Part III: Historical Context
In addition to the ethnographic and theoretical components of this unit, it is imperative to provide students with historical context. My students will have already taken United States History as 10th graders, but they will need a review and some nudges for how to draw connections between the past and the ethnographic present. This is a summary of some pivotal trends that led predominantly African American urban neighborhoods like Eastwood to face the challenges of unemployment, drug addiction, and violence that they too often face today.
Housing Discrimination
In the first half of the 20th century, the daily hardships of living under the Jim Crow regime, as well as the growing pull of industrial jobs, led six million African Americans to migrate from the South to the North and West. They flocked to cities like Philadelphia, New York, Los Angeles, Milwaukee, Detroit, and Chicago. When they arrived, they found many new freedoms and privileges, but equal and quality housing was rarely one of them.19 Through discriminatory government policies and practices such as redlining and mortgage discrimination, black residents were denied the ability to rent or purchase homes in white neighborhoods, forcing even middle and upper class African Americans into often sub-par housing in concentrated neighborhoods.20 This limited many families’ access to economic opportunities in other parts of the city and prevented them from building wealth through home equity, all at a time when white Americans were acquiring massive wealth through federally subsidized mortgages.21
Following the Civil Rights Movement of the 1960s, many white city residents participated in “white flight” by moving to the suburbs. This further concentrated the residential segregation of America’s cities and, because of racist presumptions of who “deserved” government support, led to systematic disinvestment in city infrastructure and services. “The structural conditions established by 20th century federal policy endure to this day” in urban neighborhoods like Eastwood, where decades of disinvestment and lack of economic opportunity have led to a high concentration of African Americans living in poverty.22
History of Gangs in the United States
This history of disinvestment in urban non-white communities is paralleled by the history of gangs. Gangs first arose on the east coast soon after the American Revolution: they have been a feature of American society since the founding of our nation, but their shape and role has shifted over time.23 In Chicago, the location of Eastwood, and thus the focus of this section, gangs emerged during industrialization in the late 19th century.24 Gangs formed along ethnic lines, among Irish, Polish, Italians and other European immigrant groups.25 These were the same groups that were marginalized and racialized as non-white at the time.

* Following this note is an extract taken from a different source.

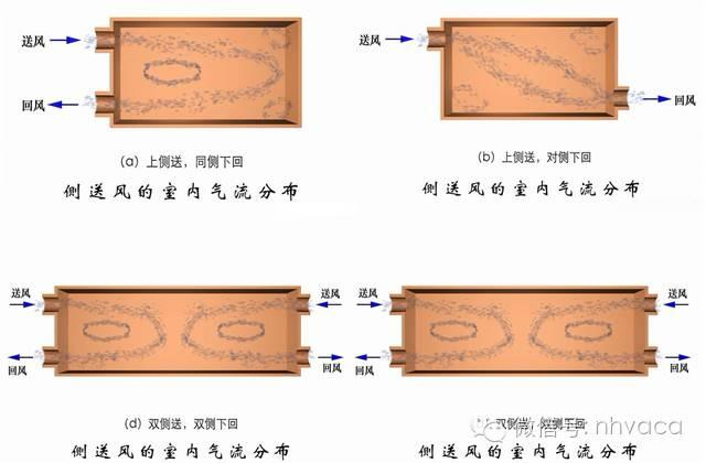 按照送、回风口布置位置和型式的不同:侧送侧回、上送下回、中送上下回、下送上回、上送上回。
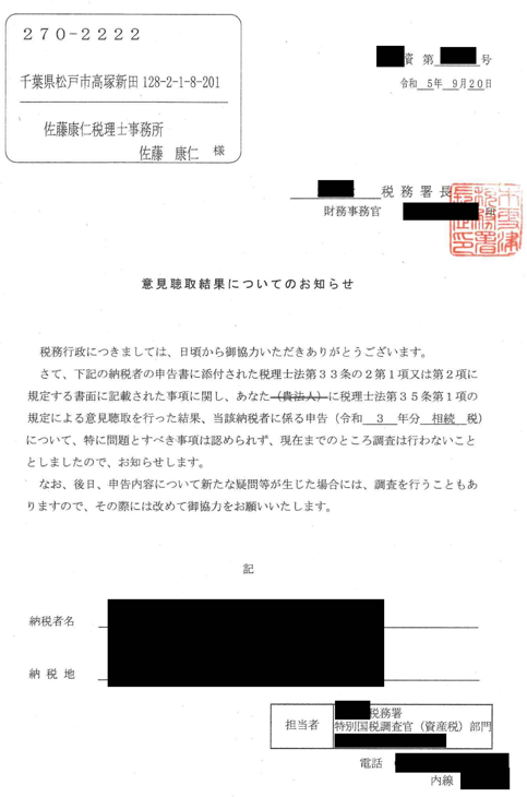 意見聴取の結果、税務調査に移行する場合もありますが、意見聴取による意見交換で調査が省略されることもあります。

The first significant African American gangs were formed during the 1919 Chicago Race Riot in which “Black males united to confront hostile White gang members who were terrorizing the Black community.”26 This incident of racial violence, as well as the growth of African American gangs in Chicago, mirrors the impact of the Great Migration as it changed the demographics of the Windy City. During this same time, Mexican American gangs formed in Chicago as migration from Mexico increased. These two groups are most publicized in the media today as involved with gangs, because, as Shelden, Tracy, and Brown argue in their book Youth Gangs in American Society, they are currently the “ethnic minority groups that the dominant social class has perceived to be more threatening to social stability.”27 In understanding and teaching about gangs, it is imperative to disentangle the racist stereotypes of Black and Latino gang violence from the realities on the ground.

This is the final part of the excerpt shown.